Tenax Therapeutics plans to advance its lead compound, levosimendan, into a Phase 2 clinical trial to treat pulmonary hypertension (PH) associated with heart failure and preserved ejection fraction (PH-HFpEF) — a type of PH related to left heart disease.
The company, based in Morrisville, North Carolina, aims to start the clinical trial in late 2018, prompted by the positive feedback of clinical experts on PH and promising preliminary studies of the compound in PH-HFpEF patients.
Fewer than half of the 1.5 million Americans believed to have PH-HFpEF survive more than five years. No treatment is available for this disease, which encouraged Tenax to invest in a therapy for the illness.
Some of possible favorable effects of levosimendan include the ability to improve right heart failure — a common condition among PH-HFpEF patients — and lower elevated pulmonary wedge pressures.

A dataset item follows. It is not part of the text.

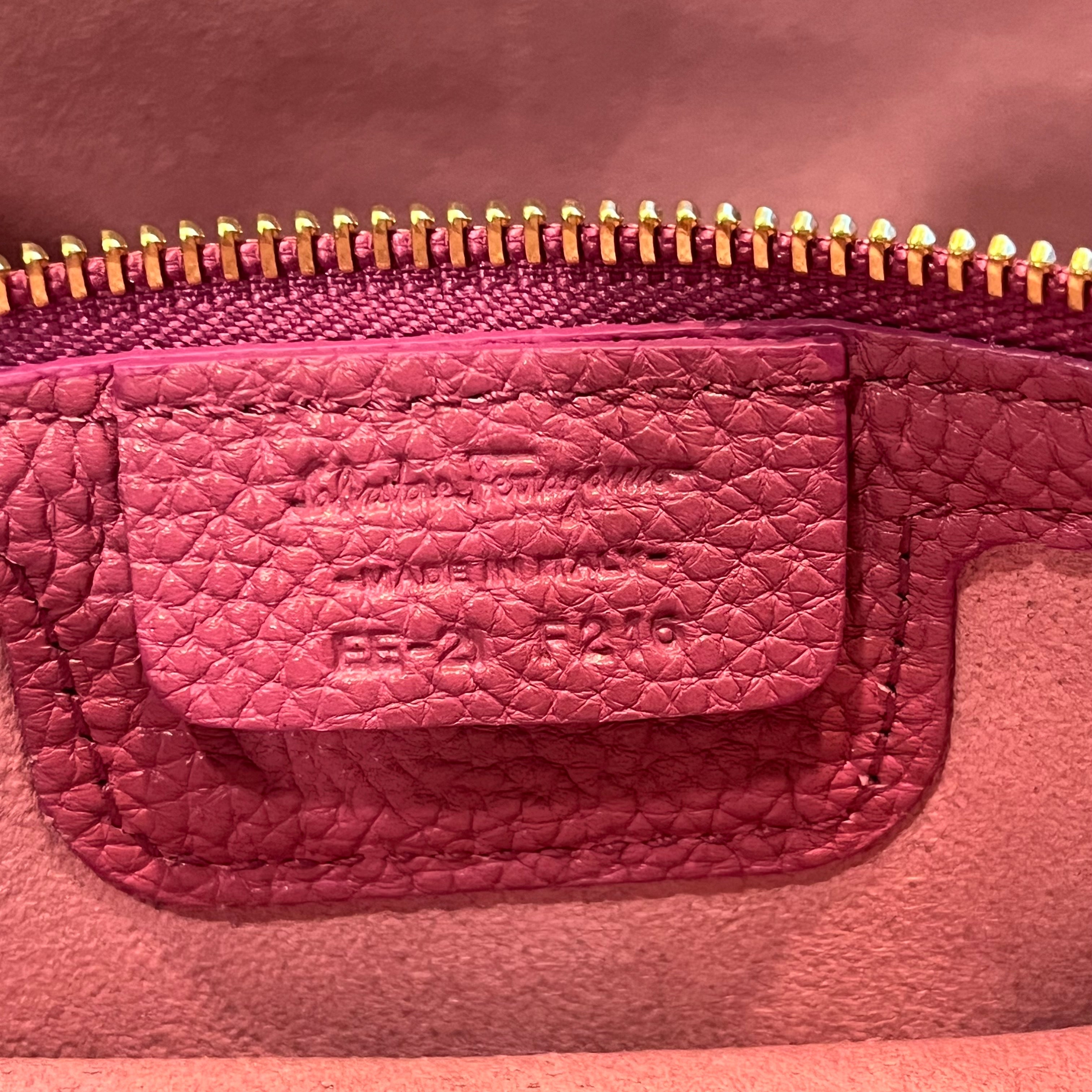 A sophisticated tote in Salvatore Ferragamo's textured leather, featuring the brand's discreet Gancini detailing for understated elegance. The medium size offers ample space without bulk, while the structured silhouette and top handles ensure polished versatility. Perfect for those who appreciate Italian craftsmanship with quiet luxury. B+ Very Good Condition

“PH-HFpEF is a serious public health problem that is becoming a common cause of pulmonary hypertension for which there are no effective treatments,” Dr. Stuart Rich, MD, director of the Pulmonary Vascular Disease Program at Chicago’s Bluhm Cardiovascular Institute, said in a press release. “The novel mechanisms of action of levosimendan, supported by published data from trials in pulmonary hypertension, as well as left and right ventricular failure, provide a strong rationale for the development of levosimendan in PH-HFpEF.”

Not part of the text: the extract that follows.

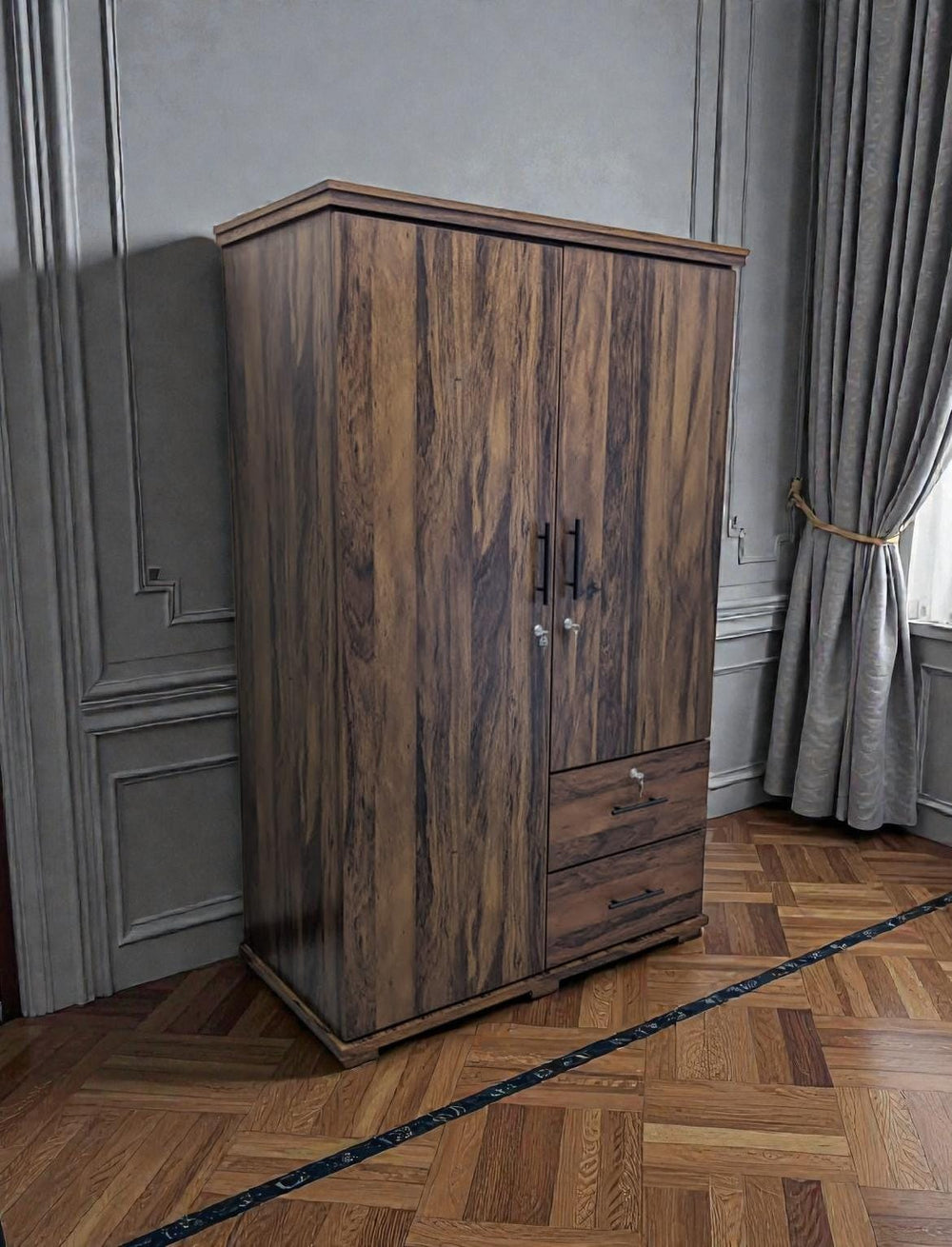 Upgrade your bedroom storage with this brand new 2-door almirah by DivineCrafts, crafted in high-quality lamination material with a rich wood-grain finish that looks premium and lasts long.

Levosimendan is a calcium sensitizer known for its ability to increase heart contractibility, as well as its vasodilatory and cardioprotective effects. Doctors currently use it to treat heart failure in hospitalized patients. The drug has not won regulatory approval from the U.S. Food and Drug Administration (FDA); in European countries, it’s sold under the label Simdax.
Tenax owns the U.S. rights to commercialize and develop levosimendan, and recently completed a Phase 3 clinical trial for a levosimendan-based medicine, LEVO-CTS, to improve clinical outcomes in patients who undergo cardiac surgery.
The company now hopes to speed clinical development of levosimendan as a therapy for PH-HFpEF, and already asked the FDA for pre-investigational drug approval.
“Our advisors’ strong support for this development plan, combined with the significant commercial value that it could represent, makes us very excited to execute this new clinical development strategy.” said Tenax’s interim CEO, Michael Jebsen.
Ana is a molecular biologist with a passion for discovery and communication. As a science writer, she looks for connecting the public, in particular patients and healthcare providers, with clear and quality information about the latest medical advances. Ana holds a Ph.D. in Biomedical Sciences from the University of Lisbon, Portugal, where she specialized in infectious diseases, epigenetics, and gene expression.
Ana is a molecular biologist with a passion for discovery and communication. As a science writer, she looks for connecting the public, in particular patients and healthcare providers, with clear and quality information about the latest medical advances. Ana holds a Ph.D. in Biomedical Sciences from the University of Lisbon, Portugal, where she specialized in infectious diseases, epigenetics, and gene expression.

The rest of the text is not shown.